4.2   Implicit Sequences

A sequence can be represented without each element being stored explicitly in the memory of the computer. That is, we can construct an object that provides access to all of the elements of some sequential dataset without computing the value of each element in advance. Instead, we compute elements on demand.

An example of this idea arises in the range container type introduced in Chapter 2. A range represents a consecutive, bounded sequence of integers. However, it is not the case that each element of that sequence is represented explicitly in memory. Instead, when an element is requested from a range, it is computed. Hence, we can represent very large ranges of integers without using large blocks of memory. Only the end points of the range are stored as part of the range object.

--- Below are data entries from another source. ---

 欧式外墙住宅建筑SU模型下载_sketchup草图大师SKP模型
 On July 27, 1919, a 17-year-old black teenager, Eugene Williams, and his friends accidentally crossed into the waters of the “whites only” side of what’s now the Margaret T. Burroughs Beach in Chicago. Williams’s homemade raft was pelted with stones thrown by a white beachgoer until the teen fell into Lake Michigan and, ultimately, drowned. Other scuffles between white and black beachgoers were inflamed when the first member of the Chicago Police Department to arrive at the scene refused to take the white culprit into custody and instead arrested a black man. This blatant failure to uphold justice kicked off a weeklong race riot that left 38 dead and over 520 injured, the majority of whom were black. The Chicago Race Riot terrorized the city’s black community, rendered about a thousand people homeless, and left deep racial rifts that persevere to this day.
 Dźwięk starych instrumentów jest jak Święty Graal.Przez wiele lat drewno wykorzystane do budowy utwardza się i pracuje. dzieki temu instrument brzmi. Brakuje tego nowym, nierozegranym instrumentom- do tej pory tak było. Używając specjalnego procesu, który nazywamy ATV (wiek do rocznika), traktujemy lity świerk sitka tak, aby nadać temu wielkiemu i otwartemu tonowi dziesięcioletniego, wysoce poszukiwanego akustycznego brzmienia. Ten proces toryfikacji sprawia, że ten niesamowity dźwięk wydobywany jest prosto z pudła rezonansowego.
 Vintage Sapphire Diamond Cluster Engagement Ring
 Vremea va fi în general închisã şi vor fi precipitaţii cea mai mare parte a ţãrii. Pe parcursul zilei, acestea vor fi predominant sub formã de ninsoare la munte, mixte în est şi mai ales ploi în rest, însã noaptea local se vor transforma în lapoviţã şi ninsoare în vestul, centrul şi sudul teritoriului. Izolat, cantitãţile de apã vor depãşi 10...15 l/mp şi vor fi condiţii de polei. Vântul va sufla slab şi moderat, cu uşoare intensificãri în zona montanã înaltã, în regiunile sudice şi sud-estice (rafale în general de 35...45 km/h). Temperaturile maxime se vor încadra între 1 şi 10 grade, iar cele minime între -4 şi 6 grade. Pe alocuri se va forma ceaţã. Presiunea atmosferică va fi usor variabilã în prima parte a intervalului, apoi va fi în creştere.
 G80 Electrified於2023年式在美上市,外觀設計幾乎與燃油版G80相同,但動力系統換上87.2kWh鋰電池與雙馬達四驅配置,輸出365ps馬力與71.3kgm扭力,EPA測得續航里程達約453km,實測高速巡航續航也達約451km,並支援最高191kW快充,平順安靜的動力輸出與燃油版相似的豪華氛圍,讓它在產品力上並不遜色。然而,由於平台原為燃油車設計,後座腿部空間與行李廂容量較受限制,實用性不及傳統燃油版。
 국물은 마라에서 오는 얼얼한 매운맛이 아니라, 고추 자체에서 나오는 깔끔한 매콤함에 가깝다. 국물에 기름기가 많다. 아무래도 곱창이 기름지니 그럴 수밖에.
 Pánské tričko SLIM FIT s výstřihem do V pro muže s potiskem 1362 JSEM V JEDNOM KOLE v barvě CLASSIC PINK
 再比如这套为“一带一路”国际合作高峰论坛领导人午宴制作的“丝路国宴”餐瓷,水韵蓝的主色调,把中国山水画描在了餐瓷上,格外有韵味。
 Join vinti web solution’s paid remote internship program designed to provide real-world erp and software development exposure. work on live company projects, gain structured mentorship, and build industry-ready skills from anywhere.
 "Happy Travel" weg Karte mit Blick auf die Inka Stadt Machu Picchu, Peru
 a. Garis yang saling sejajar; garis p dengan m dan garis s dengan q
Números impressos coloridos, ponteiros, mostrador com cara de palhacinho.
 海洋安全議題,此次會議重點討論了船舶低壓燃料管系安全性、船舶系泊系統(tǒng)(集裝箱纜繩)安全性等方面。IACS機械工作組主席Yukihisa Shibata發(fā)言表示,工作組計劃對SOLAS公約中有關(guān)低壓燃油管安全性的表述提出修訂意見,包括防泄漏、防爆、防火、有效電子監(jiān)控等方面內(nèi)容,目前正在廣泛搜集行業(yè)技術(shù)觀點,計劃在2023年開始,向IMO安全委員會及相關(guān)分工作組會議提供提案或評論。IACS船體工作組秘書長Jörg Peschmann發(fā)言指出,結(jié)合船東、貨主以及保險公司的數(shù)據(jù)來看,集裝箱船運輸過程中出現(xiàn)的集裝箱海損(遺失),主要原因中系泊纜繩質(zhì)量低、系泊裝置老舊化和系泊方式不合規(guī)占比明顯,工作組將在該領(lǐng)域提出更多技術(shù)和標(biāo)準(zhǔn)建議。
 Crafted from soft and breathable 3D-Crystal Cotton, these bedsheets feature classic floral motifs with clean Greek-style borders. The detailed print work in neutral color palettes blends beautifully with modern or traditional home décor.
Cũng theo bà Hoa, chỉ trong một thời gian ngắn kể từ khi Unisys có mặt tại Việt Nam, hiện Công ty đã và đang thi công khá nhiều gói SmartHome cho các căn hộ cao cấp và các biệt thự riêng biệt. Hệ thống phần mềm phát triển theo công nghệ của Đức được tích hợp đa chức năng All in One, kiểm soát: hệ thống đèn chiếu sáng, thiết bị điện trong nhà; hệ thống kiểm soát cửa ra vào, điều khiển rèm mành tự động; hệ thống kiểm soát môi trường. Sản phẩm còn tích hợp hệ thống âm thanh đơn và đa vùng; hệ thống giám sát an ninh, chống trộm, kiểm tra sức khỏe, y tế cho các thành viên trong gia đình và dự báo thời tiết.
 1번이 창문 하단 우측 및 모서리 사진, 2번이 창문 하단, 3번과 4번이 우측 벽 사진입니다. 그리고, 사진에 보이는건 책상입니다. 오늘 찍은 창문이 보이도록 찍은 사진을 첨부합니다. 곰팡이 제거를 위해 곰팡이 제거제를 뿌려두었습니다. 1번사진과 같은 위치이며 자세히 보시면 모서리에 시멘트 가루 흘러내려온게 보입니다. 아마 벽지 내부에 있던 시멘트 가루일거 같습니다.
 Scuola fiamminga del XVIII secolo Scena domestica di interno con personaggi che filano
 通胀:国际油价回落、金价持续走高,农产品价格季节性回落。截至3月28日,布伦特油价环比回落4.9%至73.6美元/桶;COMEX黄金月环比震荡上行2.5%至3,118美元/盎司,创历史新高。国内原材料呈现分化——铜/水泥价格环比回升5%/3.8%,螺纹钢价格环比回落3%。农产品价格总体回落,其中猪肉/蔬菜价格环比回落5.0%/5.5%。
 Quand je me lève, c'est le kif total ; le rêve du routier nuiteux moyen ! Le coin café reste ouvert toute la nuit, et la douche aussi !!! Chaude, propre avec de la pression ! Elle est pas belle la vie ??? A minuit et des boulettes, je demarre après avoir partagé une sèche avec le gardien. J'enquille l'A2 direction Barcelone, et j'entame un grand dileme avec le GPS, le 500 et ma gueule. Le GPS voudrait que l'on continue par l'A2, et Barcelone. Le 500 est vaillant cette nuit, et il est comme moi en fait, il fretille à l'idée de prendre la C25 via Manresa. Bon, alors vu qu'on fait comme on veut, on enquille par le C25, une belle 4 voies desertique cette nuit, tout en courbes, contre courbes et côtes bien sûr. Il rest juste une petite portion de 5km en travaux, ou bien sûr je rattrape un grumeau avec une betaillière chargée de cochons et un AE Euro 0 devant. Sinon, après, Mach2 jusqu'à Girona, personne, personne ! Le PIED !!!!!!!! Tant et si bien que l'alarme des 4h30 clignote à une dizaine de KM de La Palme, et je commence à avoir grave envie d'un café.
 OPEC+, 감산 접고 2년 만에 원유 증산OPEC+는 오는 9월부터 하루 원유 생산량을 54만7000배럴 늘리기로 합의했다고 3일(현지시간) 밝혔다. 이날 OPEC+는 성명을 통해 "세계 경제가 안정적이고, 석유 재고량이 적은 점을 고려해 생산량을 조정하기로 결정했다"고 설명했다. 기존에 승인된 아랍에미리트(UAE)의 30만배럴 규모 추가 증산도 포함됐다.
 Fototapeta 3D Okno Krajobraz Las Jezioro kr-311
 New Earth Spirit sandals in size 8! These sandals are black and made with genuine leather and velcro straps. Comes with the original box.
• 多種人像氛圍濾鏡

>>> r = range(10000, 1000000000)
>>> r[45006230]
45016230

In this example, not all 999,990,000 integers in this range are stored when the range instance is constructed. Instead, the range object adds the first element 10,000 to the index 45,006,230 to produce the element 45,016,230. Computing values on demand, rather than retrieving them from an existing representation, is an example of lazy computation. In computer science, lazy computation describes any program that delays the computation of a value until that value is needed.

4.2.1   Iterators

Note: This content on iterators and generators now also appears in Chapter 2.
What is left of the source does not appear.